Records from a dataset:

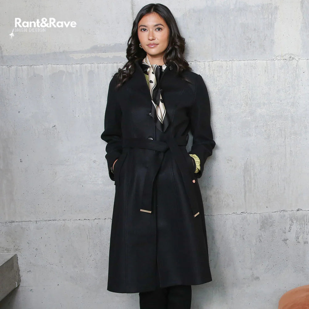 Elevate your outerwear game with the Rant & Rave Amanda Coat in sleek black. This stylish coat features a tailored silhouette that flatters every figure, making it the perfect companion for both casual outings and sophisticated events. The luxurious fabric offers warmth without sacrificing style, while the versatile design pairs effortlessly with vibrant pieces like orange pants for a bold statement. Stay chic and cozy all season long with this must-have addition to your wardrobe!
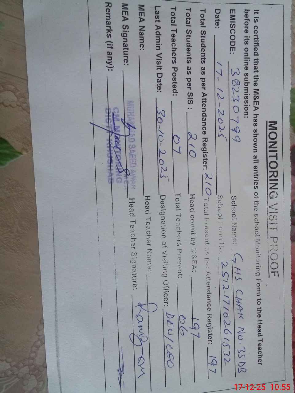 | EMIS Code: 38230799 | Name of School: GHS CHAK NO 35 DB | |||
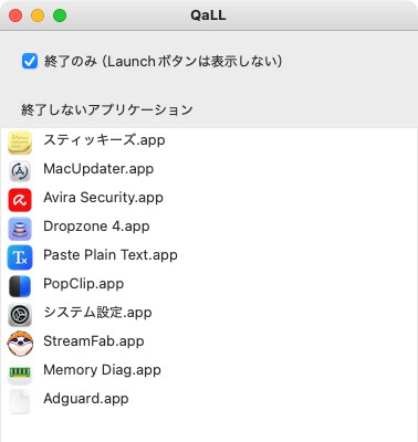 「終了のみ(Launch ボタンは表示しない)」のチェックをはずすと、アプリをまとめて終了したあと下のようなボタンがデスクトップに現われる。
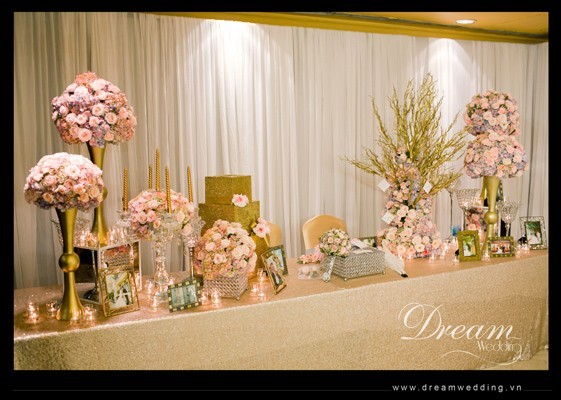 Màu hồng là màu sắc rất thông dụng trong lễ cưới. Đây là màu sắc tượng trưng cho niềm đam mê và sự ngọt ngào của tuổi trẻ. Đa số các cô dâu trẻ đều yêu thích gam màu này vì nó đem đến sự lãng mạn nhưng vẫn pha chút nhí nhảnh, đáng yêu.
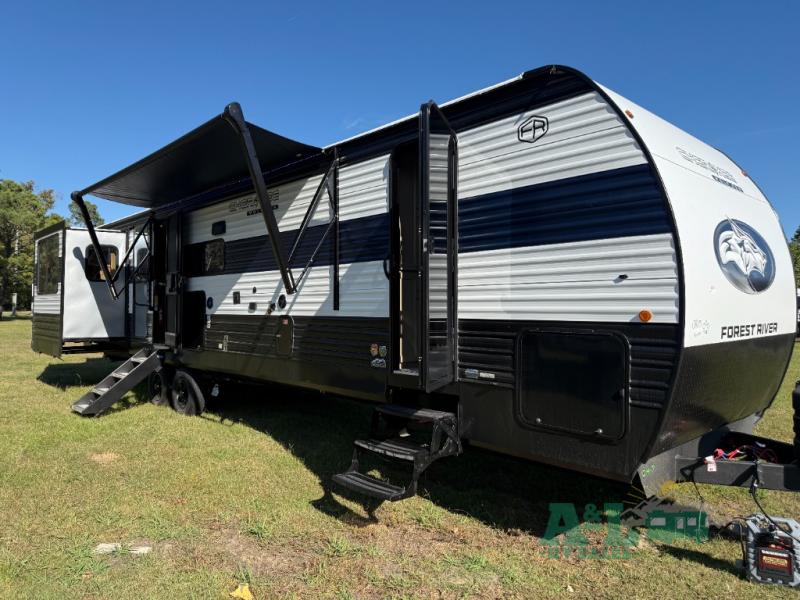 Measuring approximately 33 feet in length, the Cherokee Wolf Den is thoughtfully designed to maximize space and functionality. Inside, you'll find a well-appointed living area with modern amenities and cozy furnishings, ensuring everyone can relax after a day of exploration. The kitchen is equipped with everything you need to prepare delicious meals on the road, while the dining area provides a welcoming space to gather and enjoy them together.
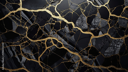Black marble mosaic with golden veins, japanese kintsugi technique, fake painted artificial stone texture, marbled wallpaper. Generative AI
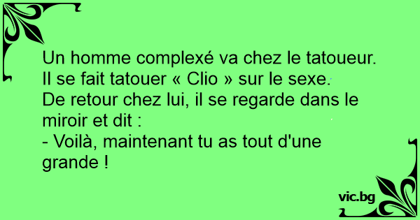 Un homme complexé va chez le tatoueur.<br />Il se fait tatouer « Clio » sur le sexe.<br />De retour chez lui, il se regarde dans le miroir et dit :<br />- Voilà, maintenant tu as tout d'une grande !
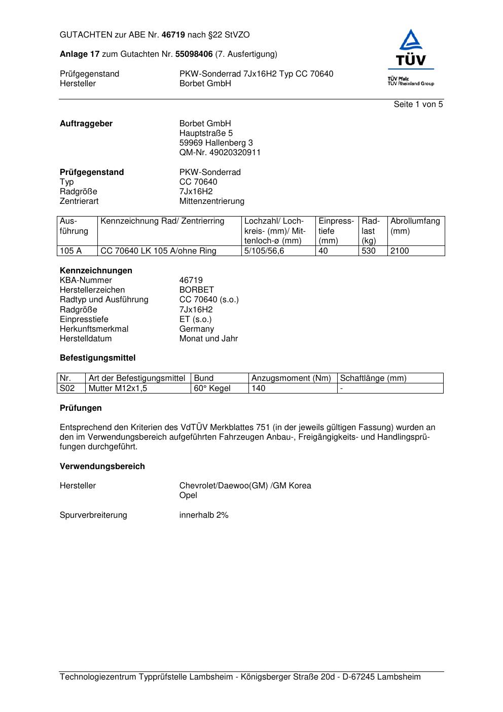 Dieses Gutachten (abe) bezieht sich auf die Alufelge Borbet CC 70640 in der Ausführung 7Jx16 ET 0, Mittenloch 0 mm (KBA 46719). Im PDF findest du typischerweise zulässige Reifengrößen, Auflagen/Anbauhinweise und – je nach Dokument – Hinweise zur Eintragung.
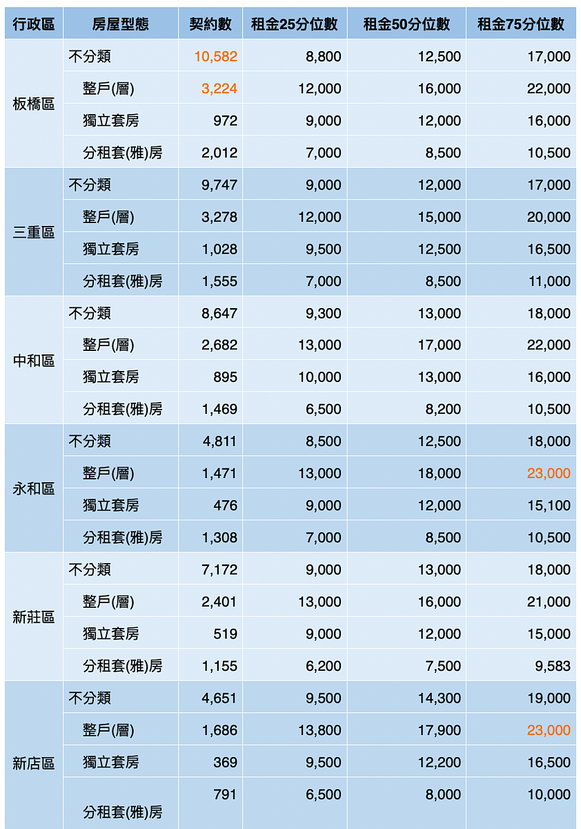 而代表家庭戶承租的整戶(層)比率,台北市為32.9%,新北市則高達54%。進一步觀察新北市整層住宅租金行情,若以極端租金75分位,觀察最貴租金,出現在林口區的2.5萬元,等於75%租約的租金,低於2.5萬元。
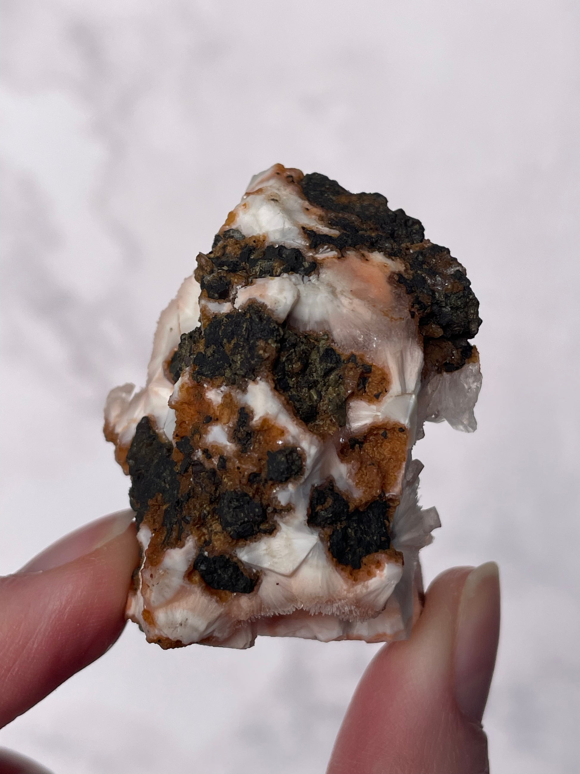 Handle with care as Thomsonite is a delicate zeolite mineral. Avoid water, salt, and harsh chemicals.
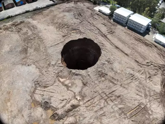 İskenderun ilçesinde 35 metre çapında, 45 metre derinliğinde obruk oluştu.
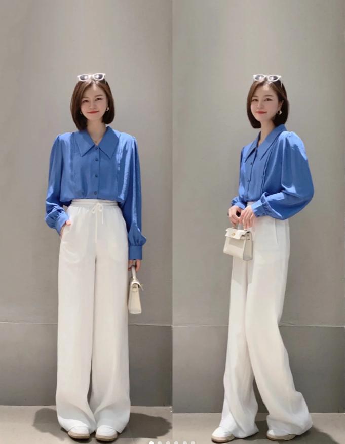 一件藍色的雪紡襯衫搭配白色直筒褲,簡約而不失格調。腳踩一雙米色高跟鞋,整體造型既清爽又充滿知性美。
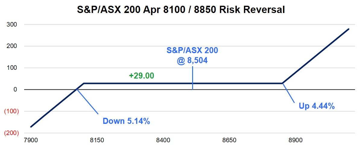 A few minutes later, on the same day (19 March 2026), a trader executed a structure that is surprisingly not used more with S&P/ASX 200 index options. With the index at 8,504, a trader sold 161 of the S&P/ASX 200 Apr 8100 Puts for 72.00 and applied those proceeds to purchase 161 S&P/ASX 200 Apr 8850 Calls for 43.00, resulting in a credit of 29.00 and a payoff shown below.
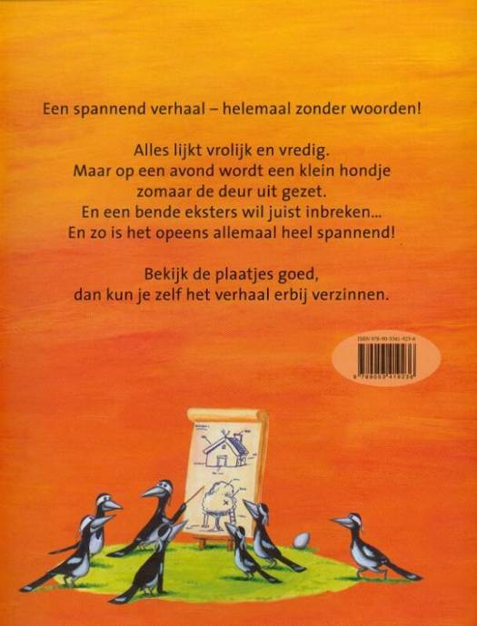 Een spannend verhaal - helemaal zonder woorden! Alles lijkt vrolijk en vredig. Maar op een avond wordt een klein hondje zomaar de deur uitgezet. En een bende eksters wil juist inbreken... En zo is het opeens allemaal heel spannend.
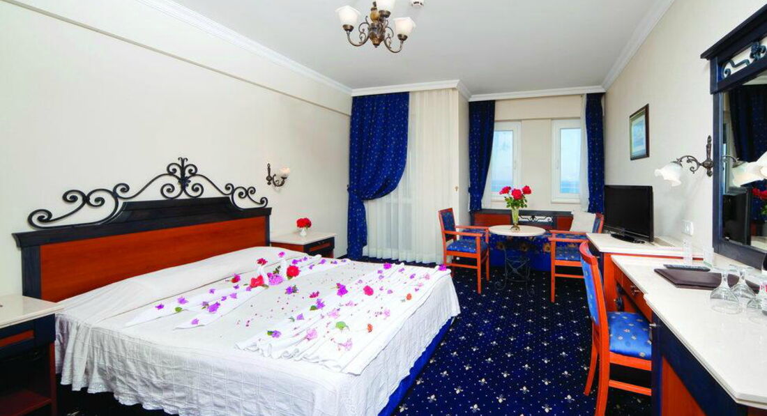 Отель отличный. Прилетели утром, 40 минут от аэропорта и на месте. Несколько приветствий по-турецки и номер без определенного вида превратился в номер с видом на море. Заселили сразу и никто ничего не вымогал и не просил доплатить. Через пол-часа были уже на море.
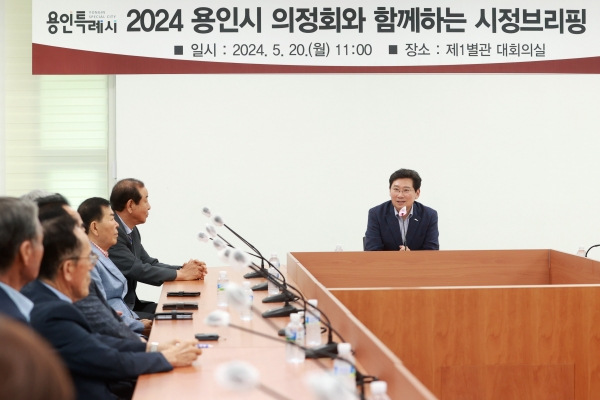 [금요저널] 이상일 용인특례시장은 20일 시청 제1별관 회의실에서 용인시의정회 의장단을 비롯한 회원 및 관계자 약 40여명을 대상으로 시정 브리핑을 열어 시의 발전상과 현안을 설명했다.
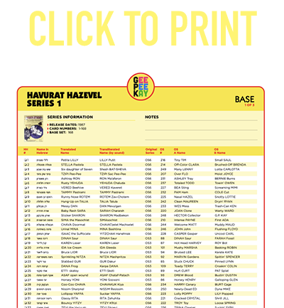 Foreign releases are extremely difficult to keep track of, but thankfully there is a detailed (printable!) checklist for Havurat Ha'Zevel Series 1! Click on the image below to open a PDF that includes translated names, transliterated names, OS character matches, and more! A huge shout out to the select few who helped make this possible! Keep your eyes peeled for S2 and S3 that are coming soon
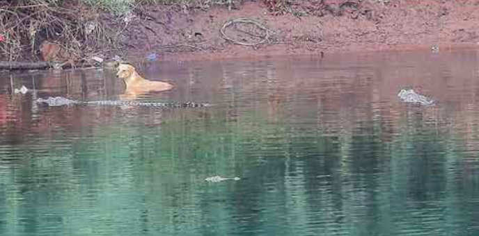 Crocodiles skip doggie meal and instead nudge stray pooch to safety in river in India
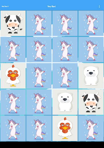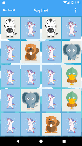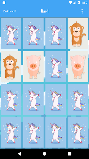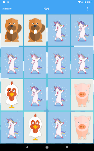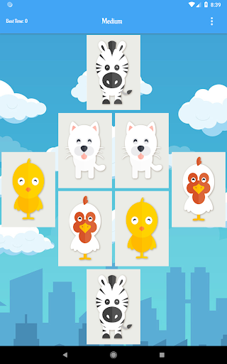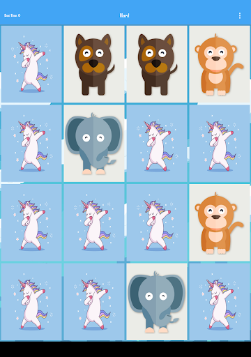 - 5 difficulties: Easy(4 animals cards), Medium(8 animals cards), Hard(16 animals cards), Very Hard(20 animals cards), Impossible(20 animals cards all cards close if you make 3 consecutive mistakes)
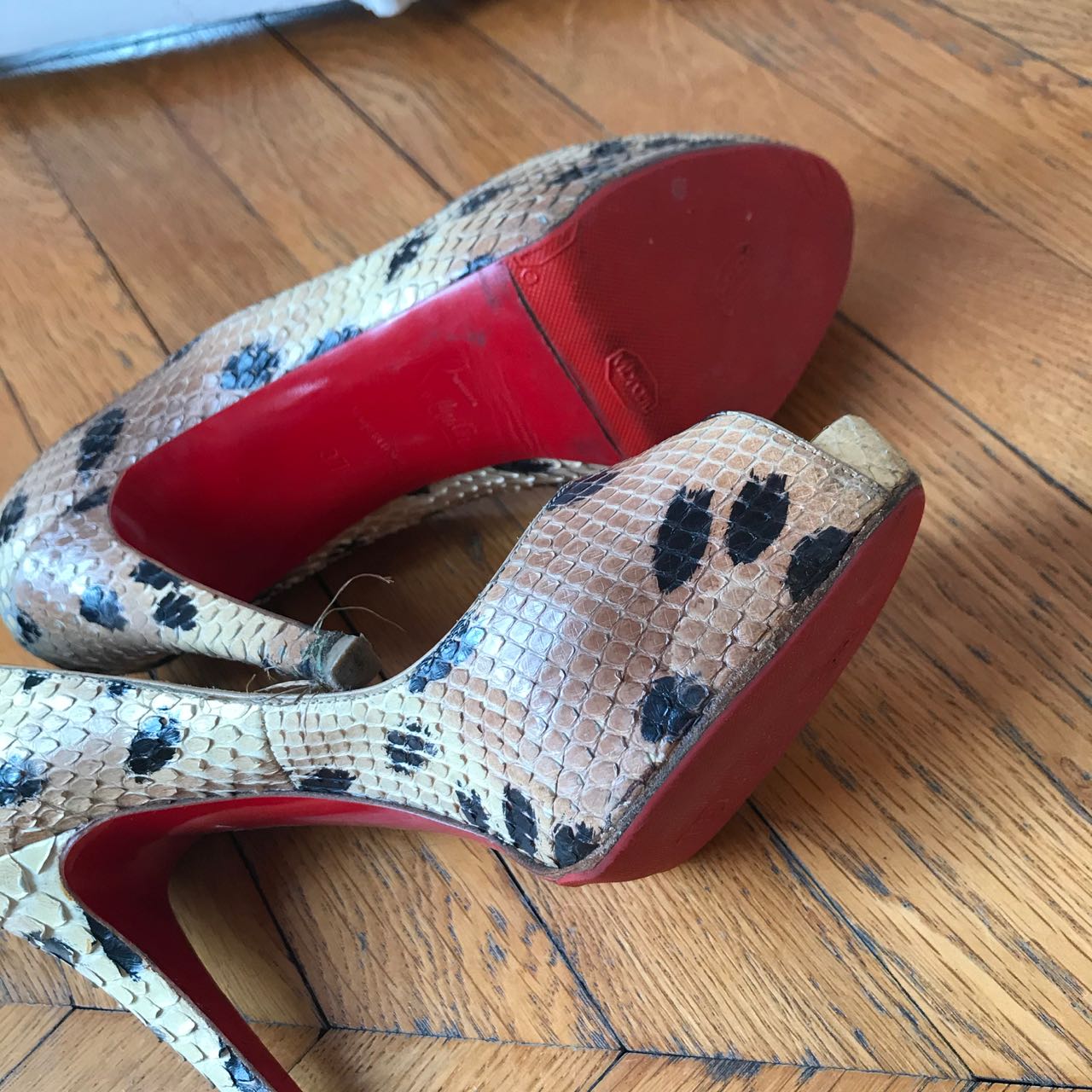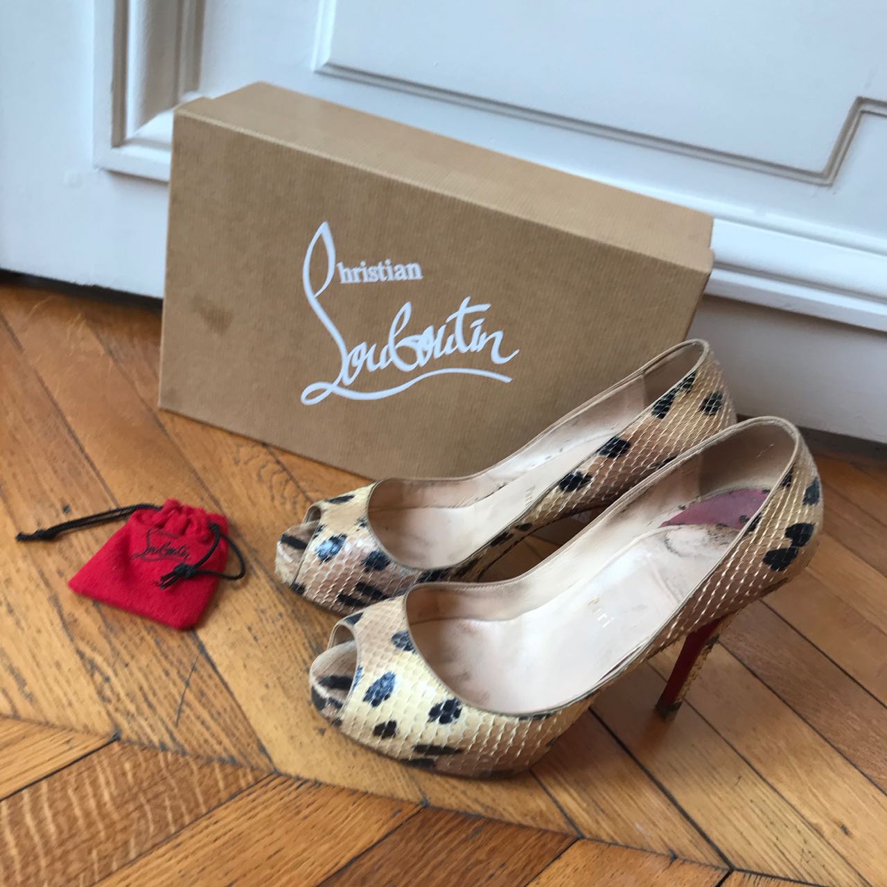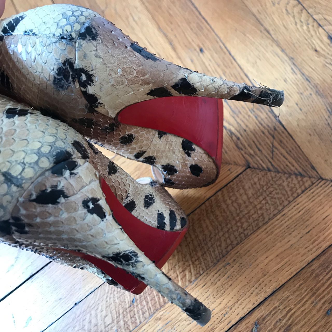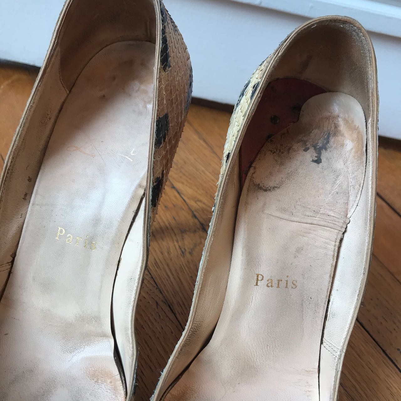 Etat : semelle intérieure décalée et talons frottés (voir photo).

Your instructions:
If a picture sits between the line containing "而代表家庭戶承租的整戶(層)" and the line containing "一件藍色的雪紡襯衫搭配白色直", leave it out, and return the lines of that range above exactly, both ends included.

Answer section:
 而代表家庭戶承租的整戶(層)比率,台北市為32.9%,新北市則高達54%。進一步觀察新北市整層住宅租金行情,若以極端租金75分位,觀察最貴租金,出現在林口區的2.5萬元,等於75%租約的租金,低於2.5萬元。
 Handle with care as Thomsonite is a delicate zeolite mineral. Avoid water, salt, and harsh chemicals.
 İskenderun ilçesinde 35 metre çapında, 45 metre derinliğinde obruk oluştu.
 一件藍色的雪紡襯衫搭配白色直筒褲,簡約而不失格調。腳踩一雙米色高跟鞋,整體造型既清爽又充滿知性美。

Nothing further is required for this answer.